The Theatre Royal Bath put the play on in 2009 in a double bill with Chekhov's one-act play Swansong, both starring Peter Bowles. A production at the Chichester Festival Theatre (alongside South Downs, a new play written in response to it by David Hare) marked Rattigan's centenary in 2011. The same double production of The Browning Version and South Downs ran at London's Harold Pinter Theatre from April through July 2012 and starred Nicholas Farrell as Crocker-Harris and Anna Chancellor as Millie.

==Adaptations==
The play has been adapted twice for the cinema, and at least four television versions. The 1951 film version, starring Michael Redgrave as Crocker-Harris, won two awards at the Cannes Film Festival, one for Rattigan's screenplay (with which he lengthened the original stage version for the final speech), the other for Redgrave's performance. It was remade in 1994, starring Albert Finney, Michael Gambon, Greta Scacchi, Matthew Modine, Julian Sands and young Ben Silverstone.
A British television production was broadcast in 1955, starring Peter Cushing as Crocker-Harris. John Frankenheimer directed John Gielgud in a 1959 television version for CBS. In 1960, Maurice Evans repeated his Broadway role for CBC Television under the sponsorship of Ford of Canada in their Startime series. Another made-for-TV version in 1985 starred Ian Holm as the main character for the BBC.

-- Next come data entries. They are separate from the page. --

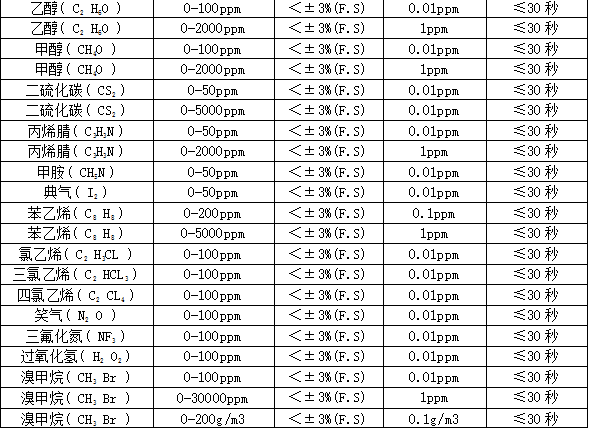 響應(yīng)時間:T90≤30秒恢復(fù)時間:≤30秒
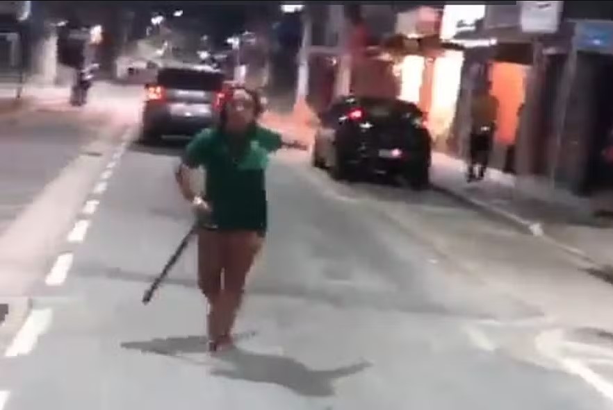De acordo com imagens que circulam nas redes sociais, a agressora aparece entrando e saindo tranquilamente de um posto policial segurando a barra de ferro utilizada no ataque, enquanto a vítima — visivelmente abalada — exibe hematomas no rosto e um dos olhos bastante inchado.
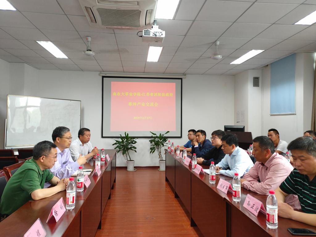 交流洽谈草坪产业合作事宜,学院党总支书记李俊龙、院长郭振飞、副院长徐彬、教授杨志民和副教授陈煜等出席座谈会。会议由李俊龙主持。
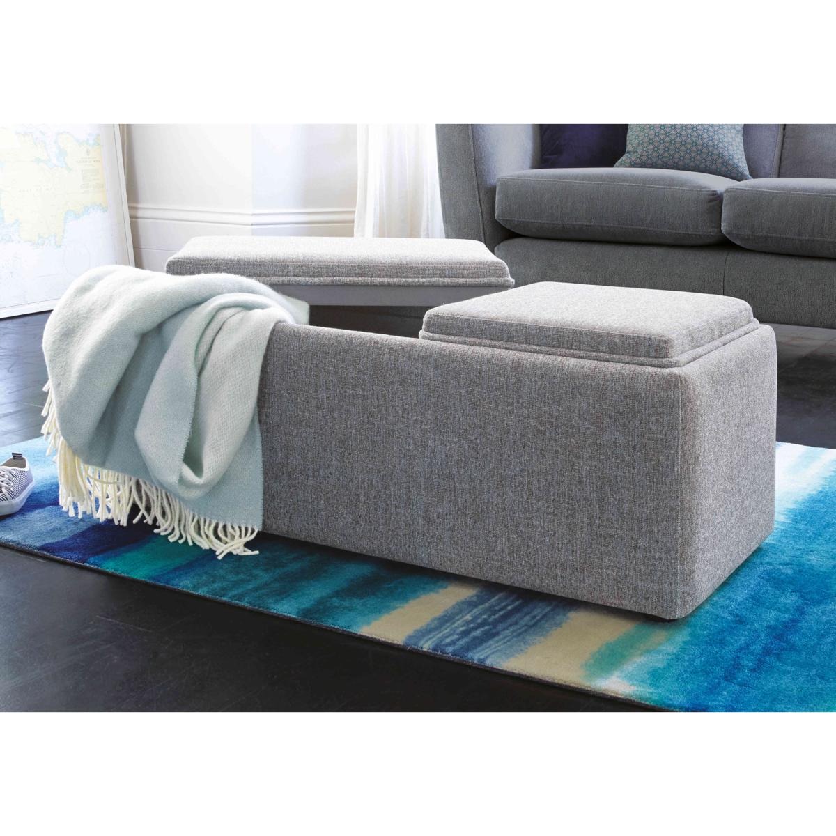 A modern classic, the Bronwyn range from The Lounge Co. showcases the best of British craftsmanship. Classic yet contemporary, this beautiful range combines inviting, deep-seats with classic scroll arms and tailored piping to achieve a perfect balance of style and comfort. Fibre-filled seats combine with foam and fibre-filled back seats to create a sit that’s truly indulgent. Available in a wide choice of contemporary fabrics and colours with a choice of leg finishes and cushion upgrades. Exclusively handcrafted for Furniture Village. Handcrafted in Britain. Multi-functional versatility meets elegant living room style in our Bronwyn bench footstool. The cushioned top hides a large storage space and a section of it even turns into a drinks tray. Why you'll love it Elegant contemporary style. Innovative multifunctional design makes it a living room must-have. Use it as a footrest, extra storage, guest seat and more. A section of the top even flips over to become a tray. With a roomy compartment for magazines and TV remotes. Beautifully upholstered in a choice of soft fabrics. Wooden feet. Exclusive to Furniture Village. This bench footstool with tray is part of The Lounge Co. Bronwyn range. What you need to know Cushioning: foam. Some fabrics can show wear on areas of more use or in direct sunlight. Clean regularly using a soft brush or vacuum with the curtain attachment. Deal with any spills promptly. Professional cleaning advised for oil- and grease-based stains. Please read our upholstery care guide for more advice.
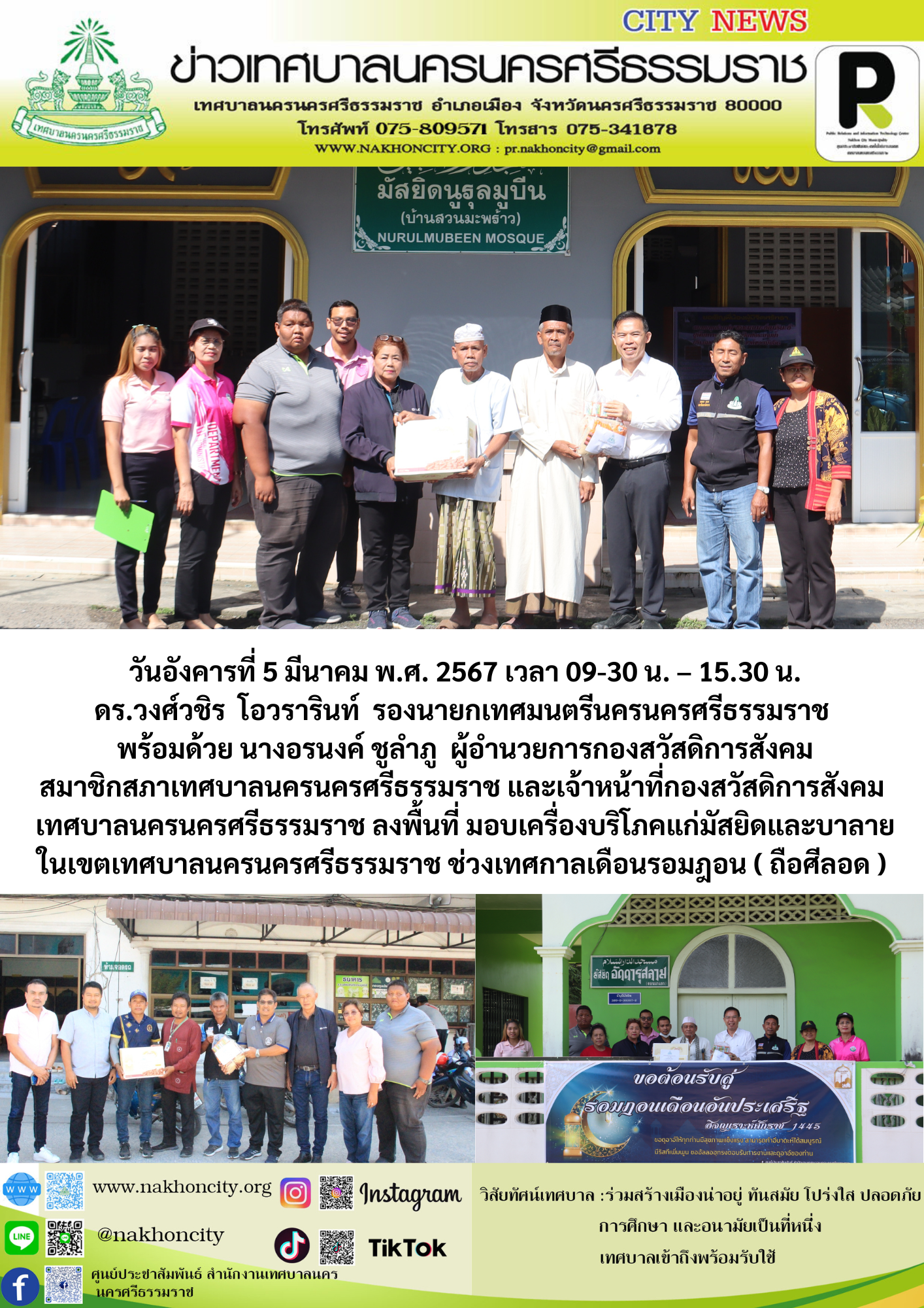 | วันอังคารที่ 5 มีนาคม พ.ศ. 2567 เวลา 09-30 น. – 15.30 น. ดร.วงศ์วชิร โอวรารินท์ รองนายกเทศมนตรีนครนครศรีธรรมราช พร้อมด้วย นางอรนงค์ ชูลำภู ผู้อำนวยการกองสวัสดิการสังคม สมาชิกสภาเทศบาลนครนครศรีธรรมราช และเจ้าหน้าที่กองสวัสดิการสังคม เทศบาลนครนครศรีธรรมราช ลงพื้นที่ มอบเครื่องบริโภคแก่มัสยิดและบาลาย ในเขตเทศบาลนครนครศรีธรรมราช ช่วงเทศกาลเดือนรอมฎอน ( ถือศีลอด ) |

Lux Radio Theatre produced a radio adaptation with Ronald Colman, Benita Hume and Robert Douglas which was aired on November 23, 1953. Another version was broadcast on the BBC Home Service in September 1957. It was directed by Norman Wright and adapted by Cynthia Pughe with John Gielgud, Angela Baddeley, Brewster Mason and Anthony Adams. In June 2011 a third adaptation was broadcast on BBC Radio 4. It was directed by Martin Jarvis, and featured Michael York, Joanne Whalley, Ioan Gruffudd and Ian Ogilvy. Jarvis can be heard playing the main role in an L.A. Theatre Works production that again features Ogilvy, this time with Kate Steele, Steven Brand and Daniel David Stewart.

A staged reading was performed on 3 April 2012 at The Players Club in New York City, presented by TAPT (The Artists' Playground Theater), directed by Alex Kelly and starring Matthew Dure', Robert Lyons, Nichole Donje' Jeffrey Hardy, Steven Hauck, Max Rhyser, Jessica Beaudry and Kate Downey.